How mRNA May Be Used to Combat Cancer
The mechanism that is working to immunize people against COVID-19 may also be useful in finding cures for many types of cancer.

Cancer cells are different from normal cells. Normal cells go through a certain limited number of doublings and then die. This is called apoptosis. Thus skin cells live 28 days and die, red blood cells live 120 days and then die, and the cells on the inside of your lips live 24 to 48 hours and die, and so forth. Cancer means that your cells forget that they are supposed to have only a limited lifespan. For example, breast cancer is not fatal as long as it stays in your breast, but when breast cancer cells become so numerous that they spread to your lungs, brain or liver, they can destroy these organ’s cells and you die from lung, brain or liver failure.

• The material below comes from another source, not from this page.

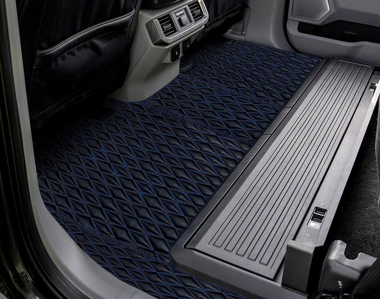Stylish and Durable Floor Mat Set. The Floor Mat Set is designed to provide superior protection and a touch of style to the interior of your 2019-2026 Ranger SuperCrew. Featuring a matte black finish with dark blue thread stitching, this set enhances the look and feel of your vehicle's interior.

Everybody makes millions of cancer cells every day, but your immune system recognizes that cancer cells are different from normal cells, and seeks out and destroys the cancer cells. Your immune system destroys cancer cells using a mechanism that is similar to the way that it seeks out and destroys invading germs. Various germs continuously try to invade your body, but your immune system recognizes germs by their surface proteins that are different from your own surface proteins. So when a germ tries to enter your cells, your immune cells and cytokine proteins work to attack and kill the invading germs. In a like manner, your immune system recognizes that cancer cells are not normal and attacks cancer cells in the same way that it tries to kill germs. If your immune system loses its ability to tell that a cancer cell is different from a normal cell, the cancer cells can multiply, spread through your body and kill you.

For many years, scientists have been trying to make copies of cancer cells that can be transmitted with mRNA to restore your immune system’s ability to attack and kill those cancer cells. This research is now being accelerated by the recent successes in development of vaccines to combat COVID-19.

Current Research Using mRNA
The research on mRNA over the last 15 years that led to the development of vaccines to treat COVID-19 is also being applied to experimental treatments for many types of cancers.
• Moderna has more than two dozen projects going (some in partnership with Merck and AstraZeneca) to treat cancer, influenza, HIV and heart disease.
• Moderna and Merck are testing an mRNA cancer vaccine in combination with the immunotherapy drug, Keytruda, for colorectal and head and neck cancers.
• BioNTech has several projects to treat cancers, tuberculosis, and influenza. BioNTech recently showed that mRNA may work to combat multiple sclerosis in mice; it has already been shown to cure brain infections in mice (Science, Jan 8, 2021:371(6525):145-153).
• CureVac is studying a cancer treatment using mRNA, AstraZeneca is testing a mRNA treatment for heart failure, and Translate Bio is studying use of mRNA for cystic fibrosis.